■ **EXERCISE REQUIREMENTS**: Pictures excluded, return the lines below from the first through the line holding "Thêm 60g nước".

■ **GIVEN DATA**:
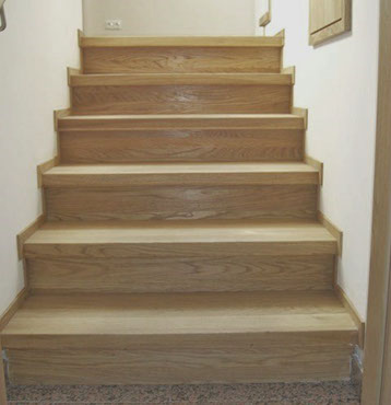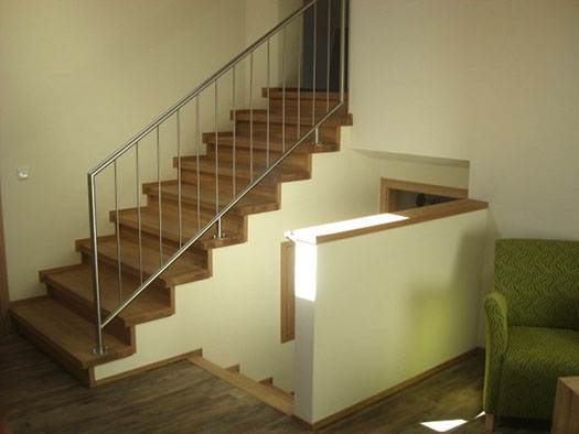 Edler Auftritt für die Gäste. Tritt- und Setzstufen, Eiche gebürstet und geölt. (Weingut Julianenhof, in Nierstein)
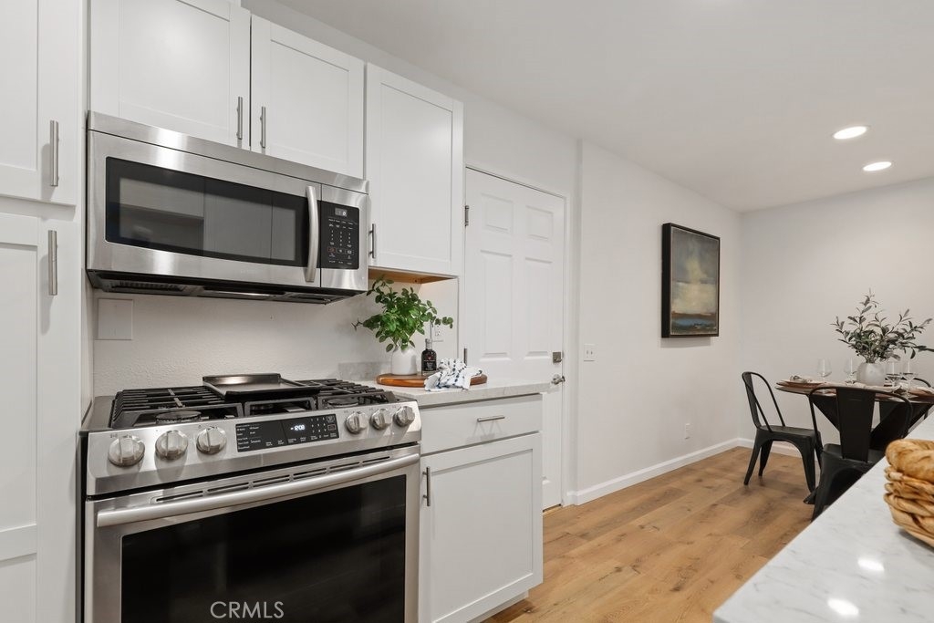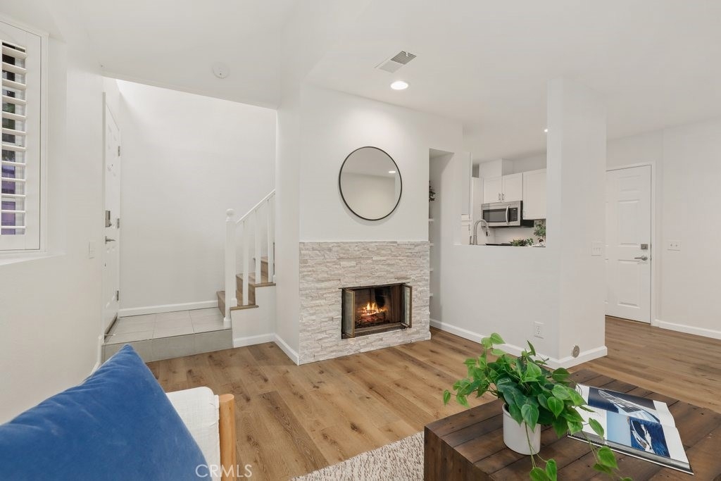 Completely remodeled, this Cambridge Commons condo is move-in ready! Warm vinyl wood floors, plantation shutters and fresh neutral paint throughout complement the bright and open floorplan. Enter into the inviting living room, featuring a cozy stacked stone fireplace, that seamlessly flows to the dinning room and to the kitchen. The kitchen has been upgraded with fresh white cabinets, quartz countertops, stainless steel appliances and offers direct access to the attached two-car garage. Upstairs, the primary bedroom features an en-suite primary bathroom with dual sinks and a luxurious walk-in shower. The secondary bedroom is generously sized offers a second cozy fireplace and direct access to the full hall bathroom. Enjoy the nearby community pool, local dining, shopping and entertainment. Great central Cypress location with easy freeway access and Oxford Academy only a few minutes away. Welcome home!
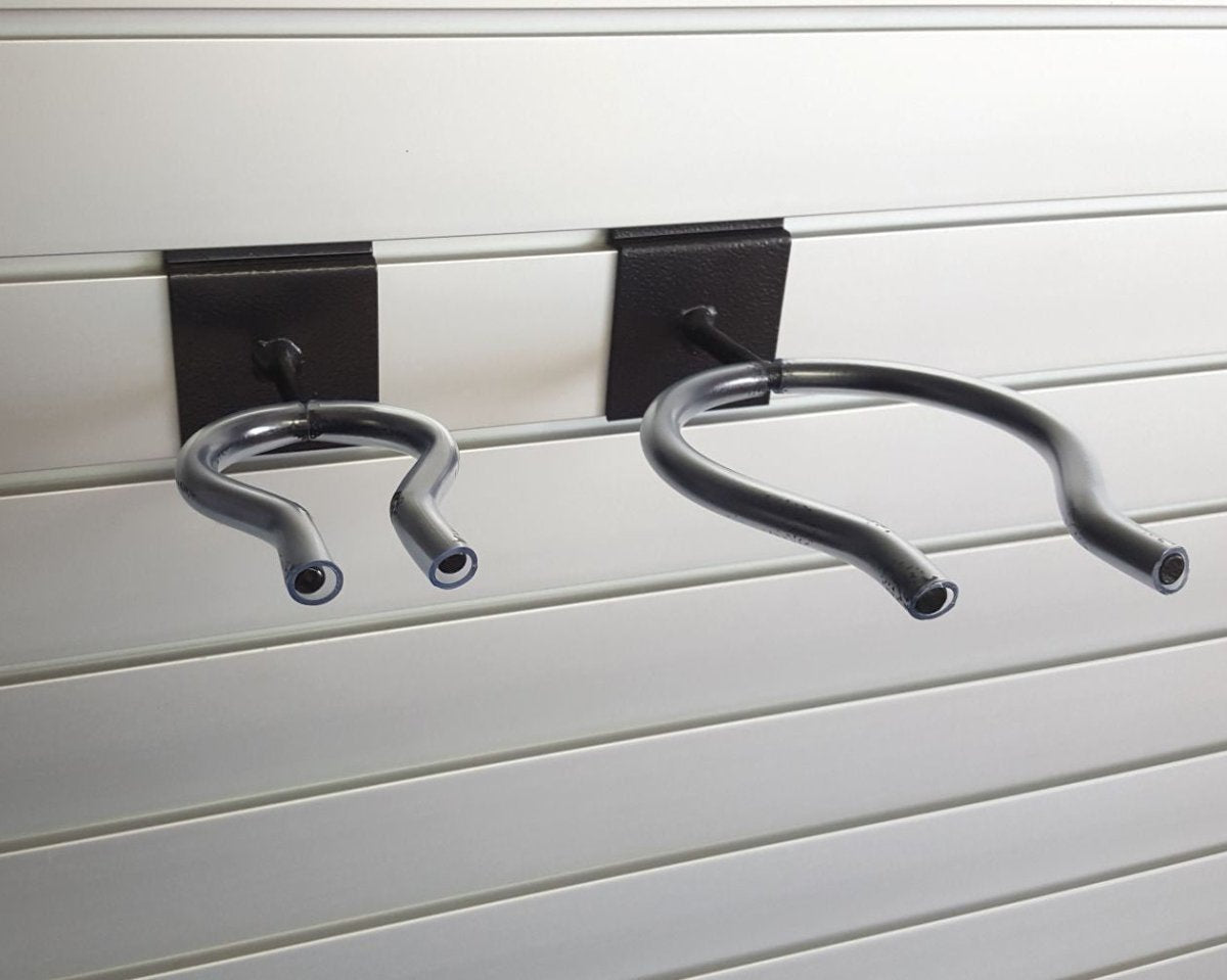 Plankwall Power Tool Display Brackets are powder coated steel brackets with supportive backplate and clear protective plastic tubes to prevent slippage when hanging heavy items such as power tools on Plankwall slatwall panels.
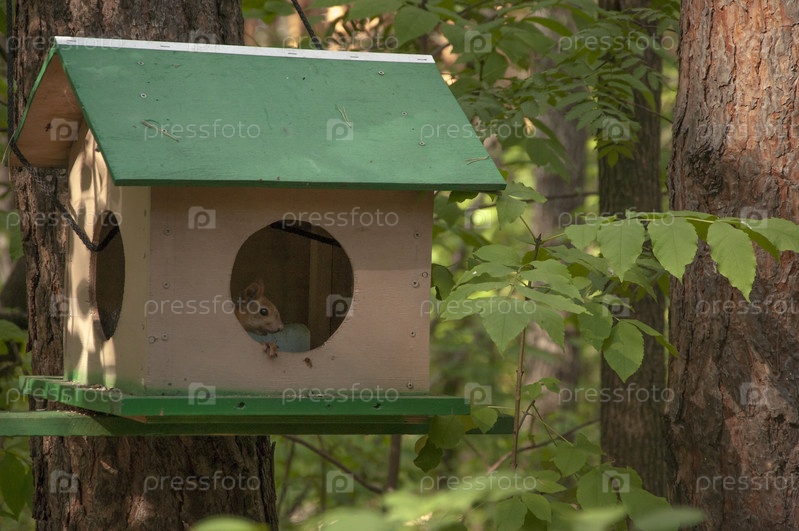 Симпатичная серая белка в кормушке в летнем лесу
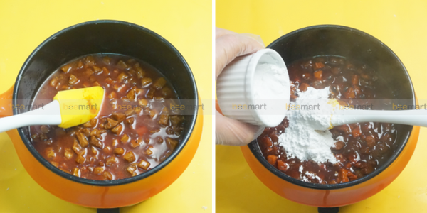 Thêm 60g nước lọc vào phần thịt, đun nhỏ lửa trong 10 phút cho cạn bớt nước thì bạn thêm 10g bột năng cho phần nhân sệt lại, để nhân nguội hoàn toàn.
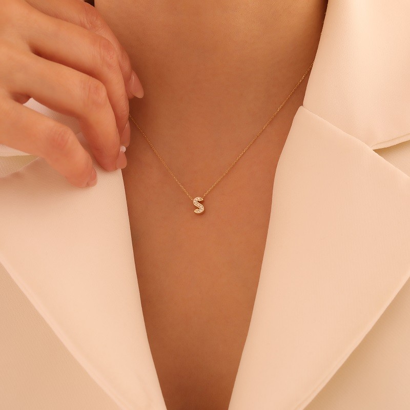 S harf 14 ayar altın kolye, kişisel zarafeti ve anlamı bir araya getiren, hem günlük hayatta hem de özel anlarda kullanabileceğiniz, şık ve anlamlı bir mücevherdir. "S" harfinin zarif tasarımı ve 14 ayar altının ışıltısı, bu kolyeyi her tarza uyum sağlayan, özel bir aksesuar haline getirir.

■ **ANSWER**:
 Edler Auftritt für die Gäste. Tritt- und Setzstufen, Eiche gebürstet und geölt. (Weingut Julianenhof, in Nierstein)
 Completely remodeled, this Cambridge Commons condo is move-in ready! Warm vinyl wood floors, plantation shutters and fresh neutral paint throughout complement the bright and open floorplan. Enter into the inviting living room, featuring a cozy stacked stone fireplace, that seamlessly flows to the dinning room and to the kitchen. The kitchen has been upgraded with fresh white cabinets, quartz countertops, stainless steel appliances and offers direct access to the attached two-car garage. Upstairs, the primary bedroom features an en-suite primary bathroom with dual sinks and a luxurious walk-in shower. The secondary bedroom is generously sized offers a second cozy fireplace and direct access to the full hall bathroom. Enjoy the nearby community pool, local dining, shopping and entertainment. Great central Cypress location with easy freeway access and Oxford Academy only a few minutes away. Welcome home!
 Plankwall Power Tool Display Brackets are powder coated steel brackets with supportive backplate and clear protective plastic tubes to prevent slippage when hanging heavy items such as power tools on Plankwall slatwall panels.
 Симпатичная серая белка в кормушке в летнем лесу
 Thêm 60g nước lọc vào phần thịt, đun nhỏ lửa trong 10 phút cho cạn bớt nước thì bạn thêm 10g bột năng cho phần nhân sệt lại, để nhân nguội hoàn toàn.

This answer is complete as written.